──────── Entries shown

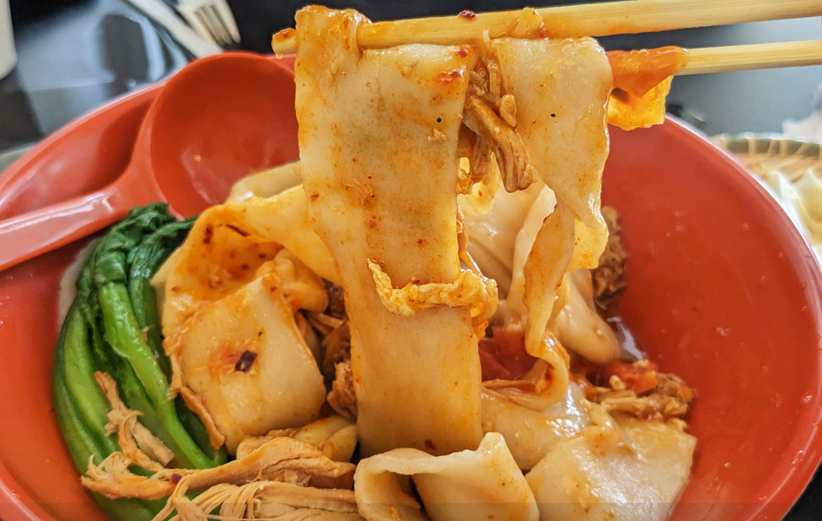 And of course, you can’t go to a place with noodles in the name and not try the noodles, so I went with their specialty, the signature biangbiang noodle.  This is a really unique dish that features a single hand-pulled noodle that’s thicker, broader, and chewier than the norm.  It comes topped with more of that stewed pork, along with a zippy, tomato-y sauce that works really well with the substantial noodles.
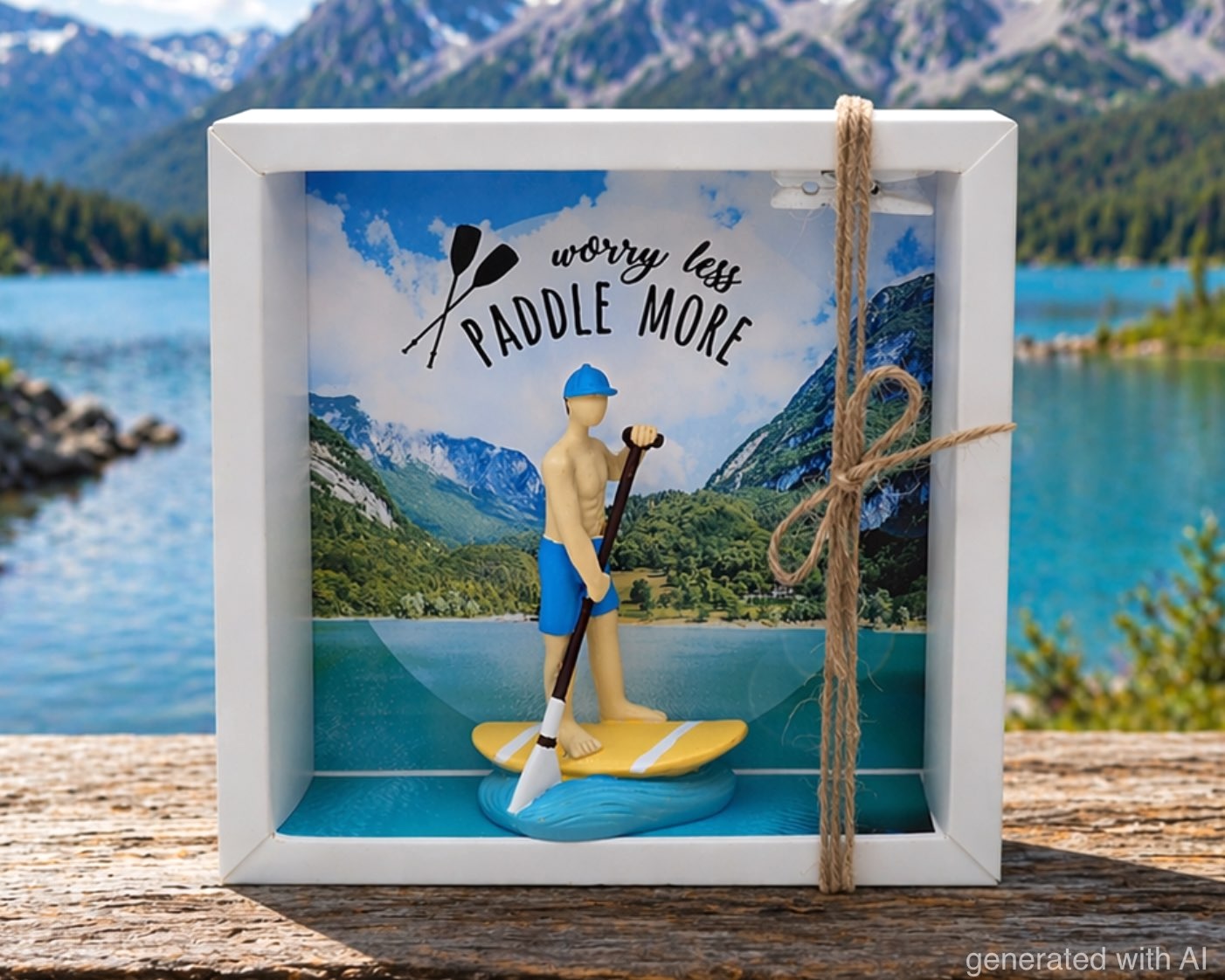 Miniatur-Szene mit Stand Up Paddler aus Polyresin, eine Holzklammer, sowie Hintergrund mit einem See und Spruch "Worry less - paddle more"
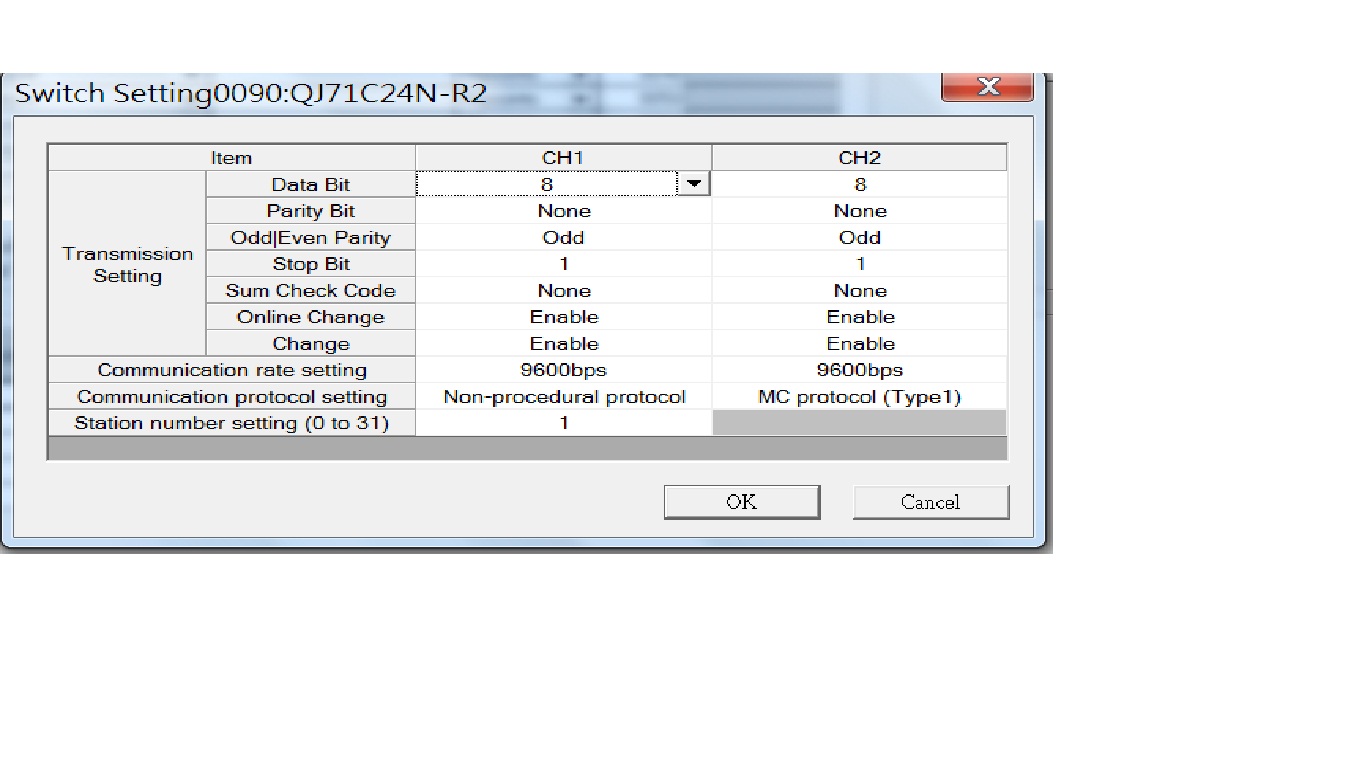而通訊模組(QJ71C24N-R2)也設定一樣(只用到CH1),站號為7 SW1(05C2) SW2(0006) SW5(0007)
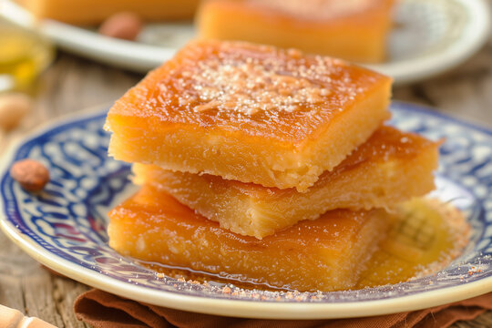 Middle eastern semolina cake basbousa. namoora, hareesa dessert. Turkish dessert.
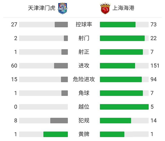 3分钟补时后全场比赛结束,最终上海海港6-1大胜天津津门虎。
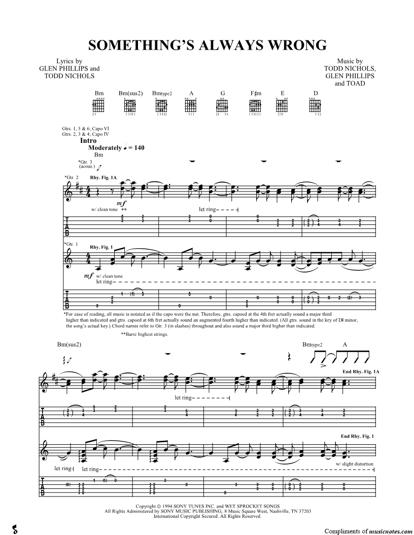 Voice 1, range: D4-D4 Guitar 1, range: E3-A5 Voice 2, range: D4-F#5 Guitar 2, range: F3-G5 Guitar 3, range: E3-A5 Backup Vocals Strum Guitar 4 Guitar 5 Guitar 6 | |
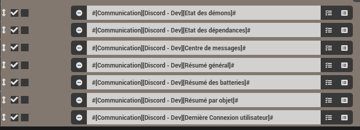 /jeedom scenarione fonctionne que si l’option “Scénarios Jeedom” est activée dans la configuration de l’équipement Discord Link lié au salon. Seuls les scénarios actifs sont pris en compte.
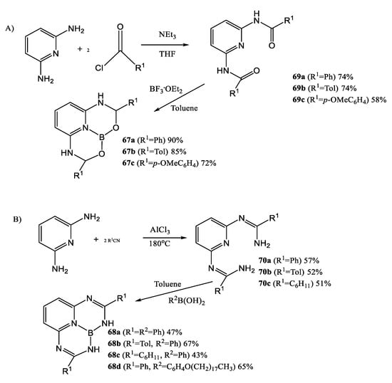 A series of fluorescent boron systems 67a−67c and 68a−68d based on nitrogen (NNN) or nitrogen and oxygen (ONO)-containing tridentate ligands were prepared (Scheme 14) [70]. They showed large Stokes shifts (mostly above 3200 cm−1) and quantum yields in solution and in the solid state up to 40%. Introducing a long alkyl chain with a phenyl spacer at this axial position enables the self-assembly of the boron compound 68d to form a fluorescent vesicle, which is able to encapsulate small molecules such as sulforhodamine. Additionally, boron compound 68d was found to serve as a dye for cell imaging since it has the capability of binding to the nuclear membrane cells. A boron complex bearing a pyrene ligand (CPB) as fluorophore was synthesized (Scheme 15) and introduced as the first example of a binuclear boron complex inorganic light-emitting diode [71]. Complex CPB exhibited strong red-light emission in the solid state. In the polymer light-emitting diodes fabricated with the CPB complex blended with PVK, red emission could be achieved easily by tuning the weight concentration of CPB.
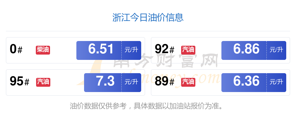 油價調(diào)整最新消息:浙江汽油、柴油11月29日每升的價格是多少?具體為:92號汽油為6.86元;95號汽油為7.3元;89號汽油為6.36元,下跌了0.05;0號柴油為6.51元,本輪調(diào)整時間為11月25日。下一輪油價調(diào)整時間12月8日24時。
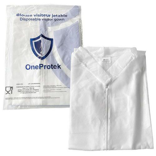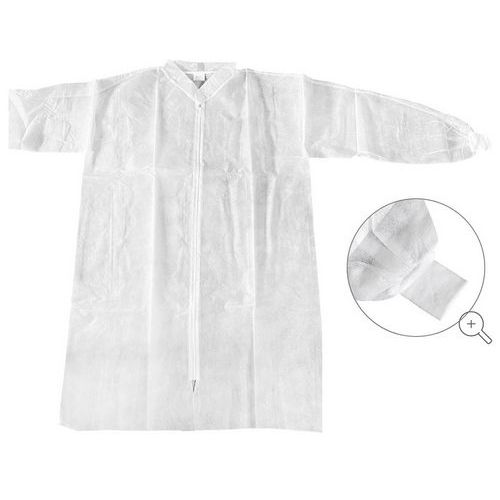 | Nombre del producto | Bata blanca desechable con cremallera para visitantes, Tipo de ropa: Surblouse, Materia: Polipropileno |
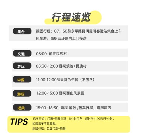3、导游:全程持证导游讲解;如人数少于 6(含)人司机兼职导游,师傅送达景区后,客人自由活动;
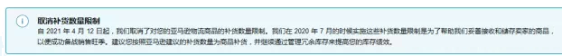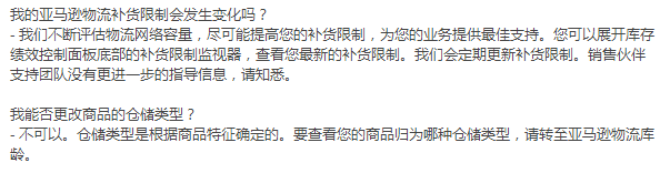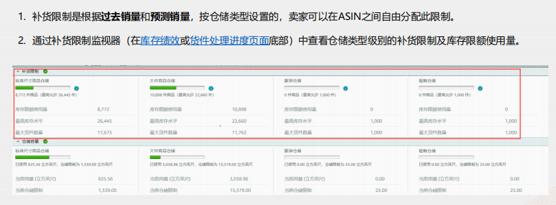补货限制是根据过去销量和预测销量,按仓储类型设置的,卖家可以在ASIN之间自由分配此限制。

────────────────

» **Exercise details**: Everything in the listing above must be restated word for word, except the images.

» **Output for this exercise**:
 And of course, you can’t go to a place with noodles in the name and not try the noodles, so I went with their specialty, the signature biangbiang noodle.  This is a really unique dish that features a single hand-pulled noodle that’s thicker, broader, and chewier than the norm.  It comes topped with more of that stewed pork, along with a zippy, tomato-y sauce that works really well with the substantial noodles.
 Miniatur-Szene mit Stand Up Paddler aus Polyresin, eine Holzklammer, sowie Hintergrund mit einem See und Spruch "Worry less - paddle more"
而通訊模組(QJ71C24N-R2)也設定一樣(只用到CH1),站號為7 SW1(05C2) SW2(0006) SW5(0007)
 Middle eastern semolina cake basbousa. namoora, hareesa dessert. Turkish dessert.
 3分钟补时后全场比赛结束,最终上海海港6-1大胜天津津门虎。
 Voice 1, range: D4-D4 Guitar 1, range: E3-A5 Voice 2, range: D4-F#5 Guitar 2, range: F3-G5 Guitar 3, range: E3-A5 Backup Vocals Strum Guitar 4 Guitar 5 Guitar 6 | |
 /jeedom scenarione fonctionne que si l’option “Scénarios Jeedom” est activée dans la configuration de l’équipement Discord Link lié au salon. Seuls les scénarios actifs sont pris en compte.
 A series of fluorescent boron systems 67a−67c and 68a−68d based on nitrogen (NNN) or nitrogen and oxygen (ONO)-containing tridentate ligands were prepared (Scheme 14) [70]. They showed large Stokes shifts (mostly above 3200 cm−1) and quantum yields in solution and in the solid state up to 40%. Introducing a long alkyl chain with a phenyl spacer at this axial position enables the self-assembly of the boron compound 68d to form a fluorescent vesicle, which is able to encapsulate small molecules such as sulforhodamine. Additionally, boron compound 68d was found to serve as a dye for cell imaging since it has the capability of binding to the nuclear membrane cells. A boron complex bearing a pyrene ligand (CPB) as fluorophore was synthesized (Scheme 15) and introduced as the first example of a binuclear boron complex inorganic light-emitting diode [71]. Complex CPB exhibited strong red-light emission in the solid state. In the polymer light-emitting diodes fabricated with the CPB complex blended with PVK, red emission could be achieved easily by tuning the weight concentration of CPB.
 油價調(diào)整最新消息:浙江汽油、柴油11月29日每升的價格是多少?具體為:92號汽油為6.86元;95號汽油為7.3元;89號汽油為6.36元,下跌了0.05;0號柴油為6.51元,本輪調(diào)整時間為11月25日。下一輪油價調(diào)整時間12月8日24時。
 | Nombre del producto | Bata blanca desechable con cremallera para visitantes, Tipo de ropa: Surblouse, Materia: Polipropileno |
3、导游:全程持证导游讲解;如人数少于 6(含)人司机兼职导游,师傅送达景区后,客人自由活动;
补货限制是根据过去销量和预测销量,按仓储类型设置的,卖家可以在ASIN之间自由分配此限制。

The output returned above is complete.